## Instructions to follow
When the records are reproduced, each one must match exactly, and no picture may be kept.

## Material provided

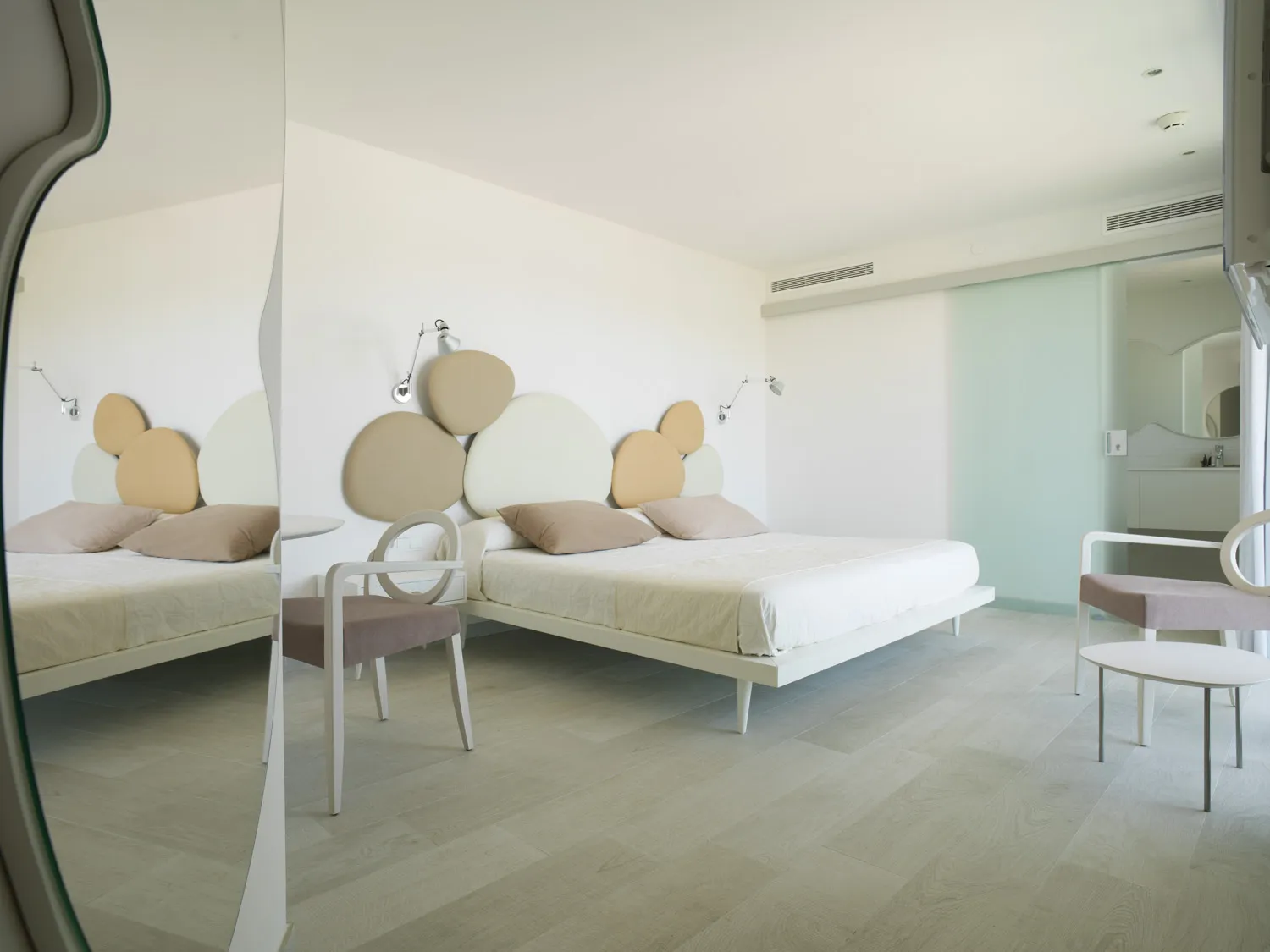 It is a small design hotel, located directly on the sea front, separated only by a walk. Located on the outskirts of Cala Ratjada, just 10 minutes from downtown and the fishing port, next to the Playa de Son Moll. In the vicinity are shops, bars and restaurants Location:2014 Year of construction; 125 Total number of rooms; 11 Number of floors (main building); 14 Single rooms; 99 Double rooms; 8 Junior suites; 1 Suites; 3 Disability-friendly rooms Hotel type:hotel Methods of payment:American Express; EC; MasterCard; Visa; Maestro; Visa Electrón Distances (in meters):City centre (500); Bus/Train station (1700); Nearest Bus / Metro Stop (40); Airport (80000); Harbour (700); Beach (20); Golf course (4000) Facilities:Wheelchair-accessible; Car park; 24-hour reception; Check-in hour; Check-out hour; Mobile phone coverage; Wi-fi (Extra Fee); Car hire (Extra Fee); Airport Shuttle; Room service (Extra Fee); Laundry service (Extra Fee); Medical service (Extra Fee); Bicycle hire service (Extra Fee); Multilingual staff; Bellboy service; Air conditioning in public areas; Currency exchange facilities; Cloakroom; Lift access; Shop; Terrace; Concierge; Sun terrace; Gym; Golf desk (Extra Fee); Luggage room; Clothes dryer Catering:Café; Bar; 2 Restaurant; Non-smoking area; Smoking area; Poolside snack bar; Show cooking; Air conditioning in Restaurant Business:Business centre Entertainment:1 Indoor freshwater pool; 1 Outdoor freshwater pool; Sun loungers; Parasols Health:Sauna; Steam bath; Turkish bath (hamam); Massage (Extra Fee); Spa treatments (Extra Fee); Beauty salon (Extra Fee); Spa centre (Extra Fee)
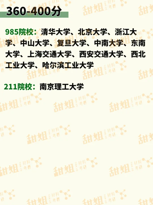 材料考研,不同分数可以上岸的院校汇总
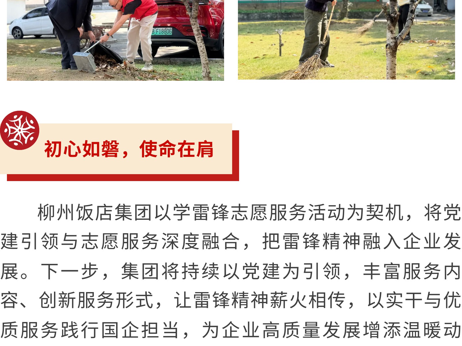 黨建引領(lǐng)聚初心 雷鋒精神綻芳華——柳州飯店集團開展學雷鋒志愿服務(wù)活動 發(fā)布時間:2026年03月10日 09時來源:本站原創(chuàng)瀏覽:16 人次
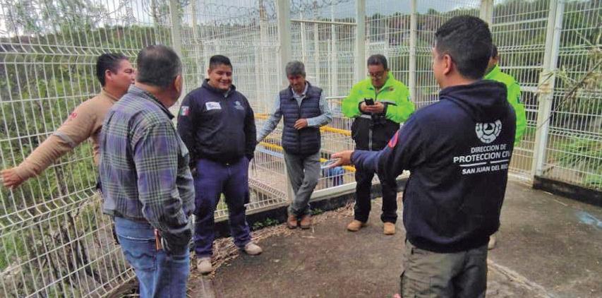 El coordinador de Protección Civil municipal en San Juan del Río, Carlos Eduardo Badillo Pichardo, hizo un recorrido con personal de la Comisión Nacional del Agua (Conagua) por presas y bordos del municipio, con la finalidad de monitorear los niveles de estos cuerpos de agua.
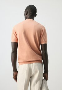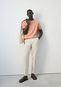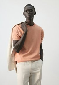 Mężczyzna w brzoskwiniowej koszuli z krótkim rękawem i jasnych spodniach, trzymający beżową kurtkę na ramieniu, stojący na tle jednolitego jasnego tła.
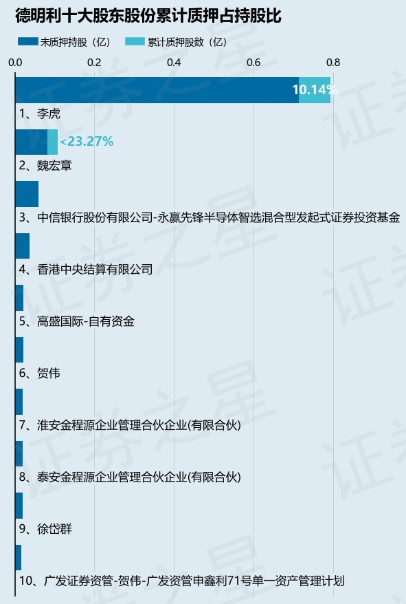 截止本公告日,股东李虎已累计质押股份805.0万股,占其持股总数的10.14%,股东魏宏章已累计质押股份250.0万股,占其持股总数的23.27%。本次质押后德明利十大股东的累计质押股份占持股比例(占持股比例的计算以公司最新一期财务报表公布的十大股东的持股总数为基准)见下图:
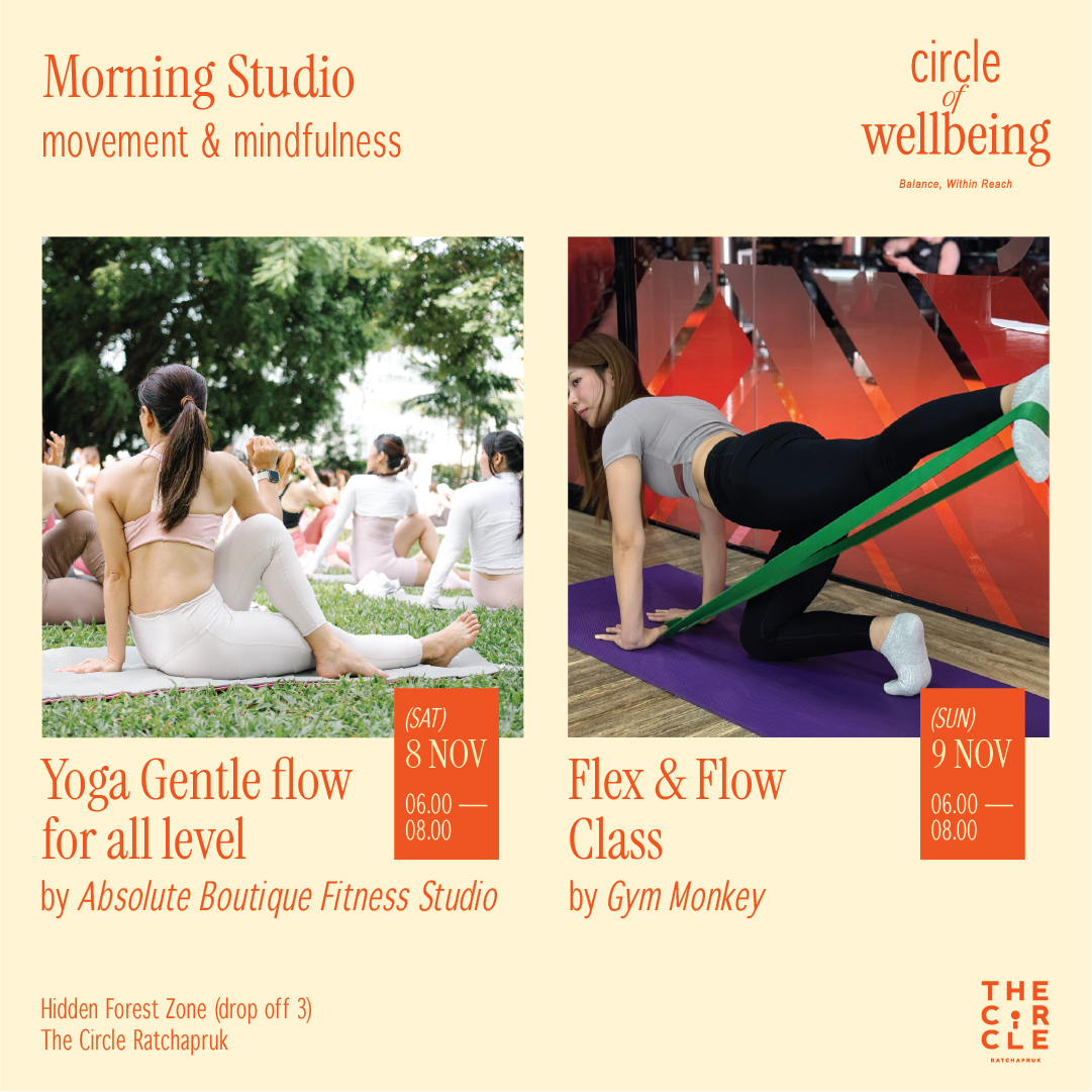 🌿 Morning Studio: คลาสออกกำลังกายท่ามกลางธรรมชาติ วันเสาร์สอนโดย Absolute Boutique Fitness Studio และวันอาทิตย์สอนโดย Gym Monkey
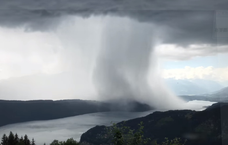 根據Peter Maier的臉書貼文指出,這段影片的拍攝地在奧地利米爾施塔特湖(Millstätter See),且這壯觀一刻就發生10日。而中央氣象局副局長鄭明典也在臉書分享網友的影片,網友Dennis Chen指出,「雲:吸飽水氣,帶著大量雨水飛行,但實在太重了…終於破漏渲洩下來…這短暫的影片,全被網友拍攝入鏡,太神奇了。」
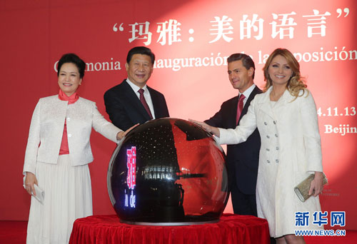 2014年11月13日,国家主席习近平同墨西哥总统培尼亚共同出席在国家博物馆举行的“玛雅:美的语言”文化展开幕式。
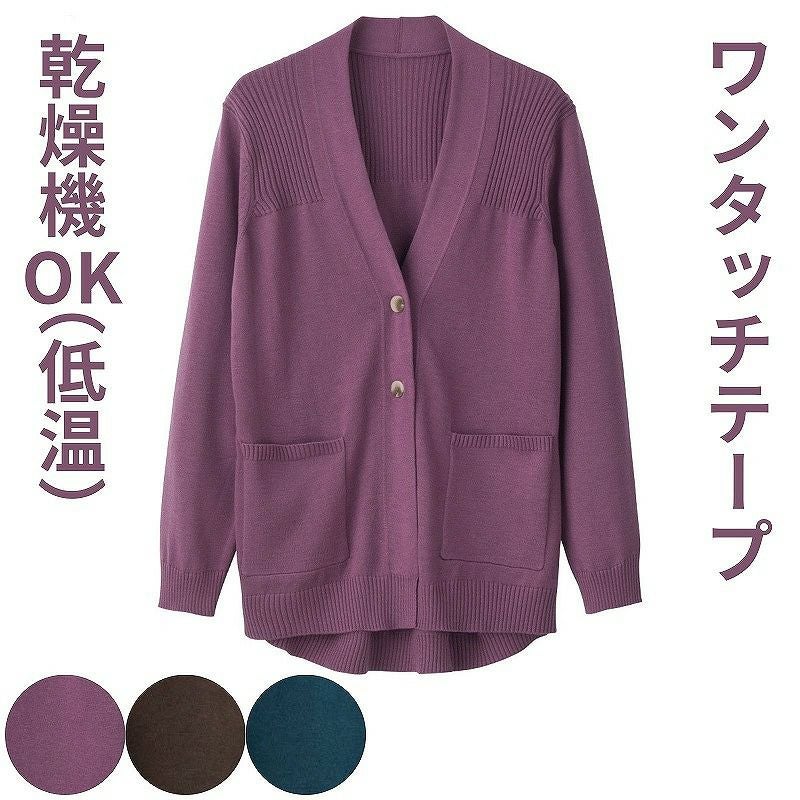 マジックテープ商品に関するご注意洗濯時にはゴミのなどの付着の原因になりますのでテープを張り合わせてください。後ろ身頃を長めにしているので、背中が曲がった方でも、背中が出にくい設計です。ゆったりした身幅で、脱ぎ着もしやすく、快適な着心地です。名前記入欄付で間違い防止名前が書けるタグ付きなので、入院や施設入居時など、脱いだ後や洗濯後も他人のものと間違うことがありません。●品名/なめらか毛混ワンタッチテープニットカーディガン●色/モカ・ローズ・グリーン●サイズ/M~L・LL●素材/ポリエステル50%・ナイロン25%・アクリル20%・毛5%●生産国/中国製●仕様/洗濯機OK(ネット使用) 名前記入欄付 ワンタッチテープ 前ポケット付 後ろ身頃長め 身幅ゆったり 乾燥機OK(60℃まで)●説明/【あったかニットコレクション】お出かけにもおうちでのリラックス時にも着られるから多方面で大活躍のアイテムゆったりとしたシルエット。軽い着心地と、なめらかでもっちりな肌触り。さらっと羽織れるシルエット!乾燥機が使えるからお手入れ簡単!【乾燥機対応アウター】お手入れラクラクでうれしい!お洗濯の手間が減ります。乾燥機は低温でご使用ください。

## Solution for this exercise
 It is a small design hotel, located directly on the sea front, separated only by a walk. Located on the outskirts of Cala Ratjada, just 10 minutes from downtown and the fishing port, next to the Playa de Son Moll. In the vicinity are shops, bars and restaurants Location:2014 Year of construction; 125 Total number of rooms; 11 Number of floors (main building); 14 Single rooms; 99 Double rooms; 8 Junior suites; 1 Suites; 3 Disability-friendly rooms Hotel type:hotel Methods of payment:American Express; EC; MasterCard; Visa; Maestro; Visa Electrón Distances (in meters):City centre (500); Bus/Train station (1700); Nearest Bus / Metro Stop (40); Airport (80000); Harbour (700); Beach (20); Golf course (4000) Facilities:Wheelchair-accessible; Car park; 24-hour reception; Check-in hour; Check-out hour; Mobile phone coverage; Wi-fi (Extra Fee); Car hire (Extra Fee); Airport Shuttle; Room service (Extra Fee); Laundry service (Extra Fee); Medical service (Extra Fee); Bicycle hire service (Extra Fee); Multilingual staff; Bellboy service; Air conditioning in public areas; Currency exchange facilities; Cloakroom; Lift access; Shop; Terrace; Concierge; Sun terrace; Gym; Golf desk (Extra Fee); Luggage room; Clothes dryer Catering:Café; Bar; 2 Restaurant; Non-smoking area; Smoking area; Poolside snack bar; Show cooking; Air conditioning in Restaurant Business:Business centre Entertainment:1 Indoor freshwater pool; 1 Outdoor freshwater pool; Sun loungers; Parasols Health:Sauna; Steam bath; Turkish bath (hamam); Massage (Extra Fee); Spa treatments (Extra Fee); Beauty salon (Extra Fee); Spa centre (Extra Fee)
 材料考研,不同分数可以上岸的院校汇总
 黨建引領(lǐng)聚初心 雷鋒精神綻芳華——柳州飯店集團開展學雷鋒志愿服務(wù)活動 發(fā)布時間:2026年03月10日 09時來源:本站原創(chuàng)瀏覽:16 人次
 El coordinador de Protección Civil municipal en San Juan del Río, Carlos Eduardo Badillo Pichardo, hizo un recorrido con personal de la Comisión Nacional del Agua (Conagua) por presas y bordos del municipio, con la finalidad de monitorear los niveles de estos cuerpos de agua.
 Mężczyzna w brzoskwiniowej koszuli z krótkim rękawem i jasnych spodniach, trzymający beżową kurtkę na ramieniu, stojący na tle jednolitego jasnego tła.
 截止本公告日,股东李虎已累计质押股份805.0万股,占其持股总数的10.14%,股东魏宏章已累计质押股份250.0万股,占其持股总数的23.27%。本次质押后德明利十大股东的累计质押股份占持股比例(占持股比例的计算以公司最新一期财务报表公布的十大股东的持股总数为基准)见下图:
 🌿 Morning Studio: คลาสออกกำลังกายท่ามกลางธรรมชาติ วันเสาร์สอนโดย Absolute Boutique Fitness Studio และวันอาทิตย์สอนโดย Gym Monkey
 根據Peter Maier的臉書貼文指出,這段影片的拍攝地在奧地利米爾施塔特湖(Millstätter See),且這壯觀一刻就發生10日。而中央氣象局副局長鄭明典也在臉書分享網友的影片,網友Dennis Chen指出,「雲:吸飽水氣,帶著大量雨水飛行,但實在太重了…終於破漏渲洩下來…這短暫的影片,全被網友拍攝入鏡,太神奇了。」
 2014年11月13日,国家主席习近平同墨西哥总统培尼亚共同出席在国家博物馆举行的“玛雅:美的语言”文化展开幕式。
 マジックテープ商品に関するご注意洗濯時にはゴミのなどの付着の原因になりますのでテープを張り合わせてください。後ろ身頃を長めにしているので、背中が曲がった方でも、背中が出にくい設計です。ゆったりした身幅で、脱ぎ着もしやすく、快適な着心地です。名前記入欄付で間違い防止名前が書けるタグ付きなので、入院や施設入居時など、脱いだ後や洗濯後も他人のものと間違うことがありません。●品名/なめらか毛混ワンタッチテープニットカーディガン●色/モカ・ローズ・グリーン●サイズ/M~L・LL●素材/ポリエステル50%・ナイロン25%・アクリル20%・毛5%●生産国/中国製●仕様/洗濯機OK(ネット使用) 名前記入欄付 ワンタッチテープ 前ポケット付 後ろ身頃長め 身幅ゆったり 乾燥機OK(60℃まで)●説明/【あったかニットコレクション】お出かけにもおうちでのリラックス時にも着られるから多方面で大活躍のアイテムゆったりとしたシルエット。軽い着心地と、なめらかでもっちりな肌触り。さらっと羽織れるシルエット!乾燥機が使えるからお手入れ簡単!【乾燥機対応アウター】お手入れラクラクでうれしい!お洗濯の手間が減ります。乾燥機は低温でご使用ください。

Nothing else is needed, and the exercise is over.